Мы работали в большом помывочном цеху. Сюда свозили посуду со всего Таймера. Чашки, тарелки, вилки, ложки, ножи, блюдца, блюда, кастрюли, сковороды, казаны и котлы, ковши — чего здесь только не было! Посуда прибывала и прибывала, а мы её мыли и мыли, но горы грязных ёмкостей с остатками пищи не уменьшались. Готов поспорить, что мы не первая бригада из 28 человек, которая не осилила переход через фарфорово-алюминиевый горный хребет! Вряд ли кто-то когда-то смог перемыть за одну смену всю собранную по Таймеру посуду.
И всё же мы старательно счищали пищевые отходы, тёрли предметы кухонной утвари губками с моющим средством, расставляли их в огромные сушильные шкафы или бережно промакивали полотенцами.

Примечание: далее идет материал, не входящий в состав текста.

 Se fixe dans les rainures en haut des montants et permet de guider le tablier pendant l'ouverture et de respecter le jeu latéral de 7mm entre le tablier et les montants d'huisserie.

Меня раздражала эта работа, бесила вечно мокрая форма и летящие в лицо брызги воды и мыльной пены. Если же я решался надеть клеёнчатый фартук, то через короткое время завязки натирали шею, и я проклинал его. Руки покрывались волдырями и трескались, а из хозяйственных резиновых перчаток так и норовили выскользнуть то стеклянный стакан, то фарфоровый чайник.
Высокая и стройная, с белой кожей в речных извивах тонких синеющих вен, с длинными, до лопаток, прямыми русыми волосами и яркими золотисто-зелёными глазами, Ивис являла образец великолепного фаянса. И в то же время казалось, что она никогда не сыщет себе места ни среди людей, ни среди посуды. Бывают такие — они не сбиваются в стаи и не примыкают к сервизам.

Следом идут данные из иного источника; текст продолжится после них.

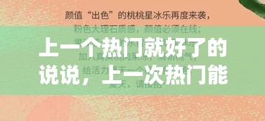 在这个信息爆炸的时代,热点事件犹如潮水般涌来,让人目不暇接。然而,有一个现象却让人深思,那就是“上一个热门就好了”的心态。这种心态看似简单,却蕴含着人们对流行文化的深刻理解和独特见解。
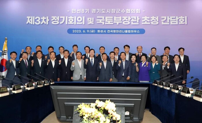 방세환 광주시장이 9일 화성시 전곡항마리나클럽하우스에서 열린‘경기도시장군수협의회 제3차 정기회의 및 국토교통부 장관 간담회’에 참석해 원희룡 국토부장관에게 광주시 주요 현안사항을 전달하고 신속한 검토와 협조를 요청했다.

Родинки на её теле — как следы природы, желавшей подчеркнуть, что перед нами живая девушка, а не искусственно созданное совершенство: на животе, чуть ниже пупка, тёмная точка, в подколенной ямке аккуратная капелька, на плече — крошечная звёздочка и ещё одна — моя самая любимая — на мочке уха, тоже едва заметная, еле различимая, видная только тому, кто хочет рассмотреть и узнать о теле как можно больше.
Ивис, выходя из душа в рабочую зону, никогда не надевала формы. Только специальные тапочки, не скользящие на мокром полу, да и те оставляла рядом с глубоким поддоном для посуды.

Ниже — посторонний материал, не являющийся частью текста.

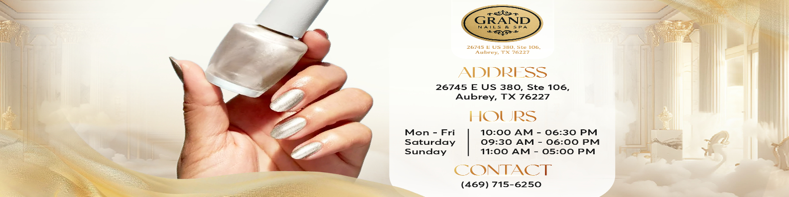 Step into Grand Nails and Spa in Aubrey, TX, and discover your new favorite destination for ultimate relaxation. As a premier nail salon, we are dedicated to providing a serene escape where you can unwind while our expert technicians perfect your look.Our menu of services is designed to cater to every need, whether you're looking for a simple touch-up or a full pampering session. Indulge in our classic and specialty manicures, featuring everything from a flawless polish application to intricate nail art and durable gel extensions. For the perfect finish, our luxurious pedicures are a treat for tired feet, combining soothing soaks, meticulous care, and a relaxing massage. At Grand Nails and Spa, we believe in exceptional service and a tranquil atmosphere to make every visit a truly grand experience.

Я впервые поймал себя на том, что всё время скашиваю глаза в её сторону. Делаю это осторожно, чтобы никто не догадался. Нет, не о том, что меня волнует её нагота, хотя, бесспорно, занимала она меня как-то по-новому, совсем не так, как в пятнадцать лет та девчонка из душевой, и совсем не так, как мои беспорядочно сменяющие друг друга девицы. Я не хотел, чтобы кто-нибудь вообще заподозрил мой интерес. В конце концов, может в этом мире остаться хоть что-то не для посторонних глаз?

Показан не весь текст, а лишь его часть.